**Instructions to follow**
Pictures are to be dropped, and only the lines from the one containing "When the eBike" through the end of the data below are to be reproduced as written.

(Records for this task)

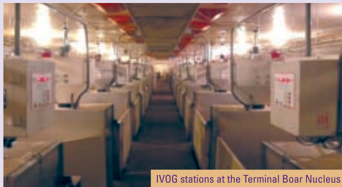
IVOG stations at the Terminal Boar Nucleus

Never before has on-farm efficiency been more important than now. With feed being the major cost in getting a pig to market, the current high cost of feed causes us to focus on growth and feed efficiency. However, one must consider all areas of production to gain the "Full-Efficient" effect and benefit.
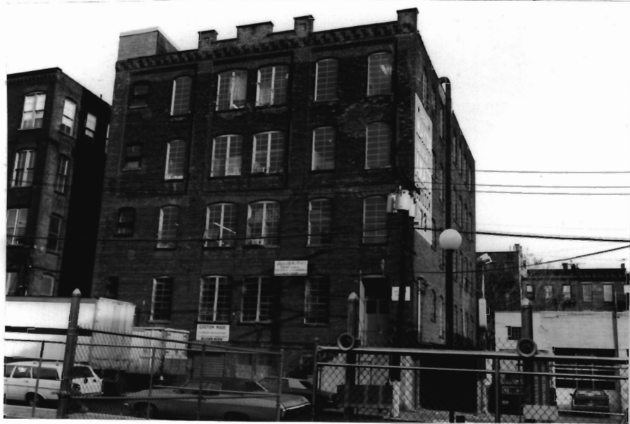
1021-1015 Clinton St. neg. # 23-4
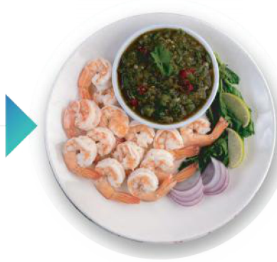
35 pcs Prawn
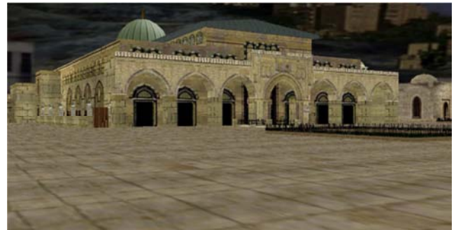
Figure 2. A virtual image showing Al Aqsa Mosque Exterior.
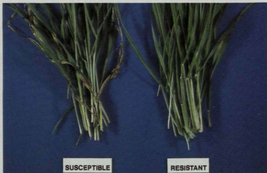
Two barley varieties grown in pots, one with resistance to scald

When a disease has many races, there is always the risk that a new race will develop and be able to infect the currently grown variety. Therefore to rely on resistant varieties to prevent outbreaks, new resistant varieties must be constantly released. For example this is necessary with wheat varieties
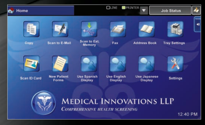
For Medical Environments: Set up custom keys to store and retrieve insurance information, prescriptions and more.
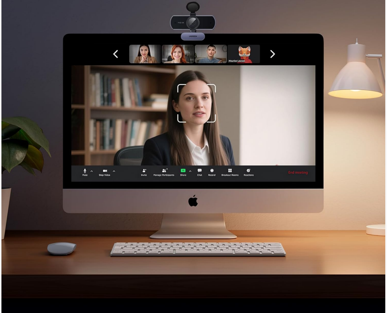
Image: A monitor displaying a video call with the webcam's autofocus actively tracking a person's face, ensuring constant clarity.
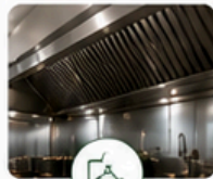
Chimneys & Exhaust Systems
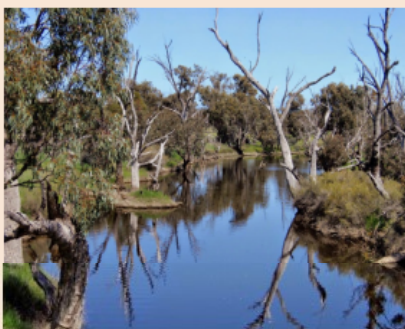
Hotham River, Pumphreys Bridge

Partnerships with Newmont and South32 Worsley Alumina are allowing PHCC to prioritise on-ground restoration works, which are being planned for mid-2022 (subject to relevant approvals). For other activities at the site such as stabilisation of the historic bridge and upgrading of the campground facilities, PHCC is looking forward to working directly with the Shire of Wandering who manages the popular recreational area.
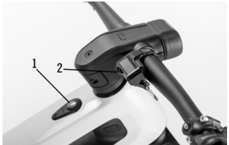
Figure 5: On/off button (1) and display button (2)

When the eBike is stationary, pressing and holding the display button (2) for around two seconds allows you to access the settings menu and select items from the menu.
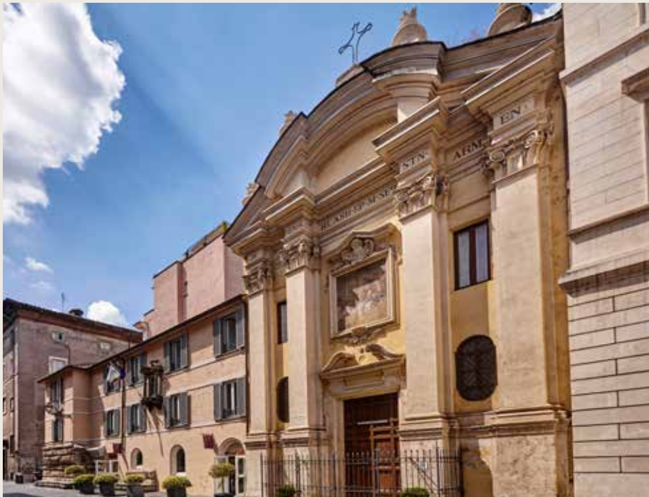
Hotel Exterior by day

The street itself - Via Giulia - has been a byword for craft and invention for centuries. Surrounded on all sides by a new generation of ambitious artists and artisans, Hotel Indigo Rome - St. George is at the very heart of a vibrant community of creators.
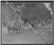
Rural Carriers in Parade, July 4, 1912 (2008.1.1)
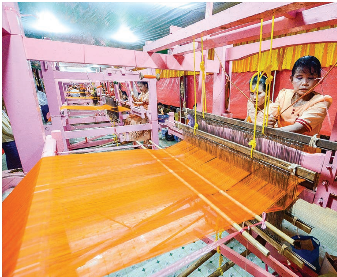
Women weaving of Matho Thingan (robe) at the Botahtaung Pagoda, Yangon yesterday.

(End Records for this task)

**Solution for this task**
When the eBike is stationary, pressing and holding the display button (2) for around two seconds allows you to access the settings menu and select items from the menu.
Hotel Exterior by day

The street itself - Via Giulia - has been a byword for craft and invention for centuries. Surrounded on all sides by a new generation of ambitious artists and artisans, Hotel Indigo Rome - St. George is at the very heart of a vibrant community of creators.
Rural Carriers in Parade, July 4, 1912 (2008.1.1)
Women weaving of Matho Thingan (robe) at the Botahtaung Pagoda, Yangon yesterday.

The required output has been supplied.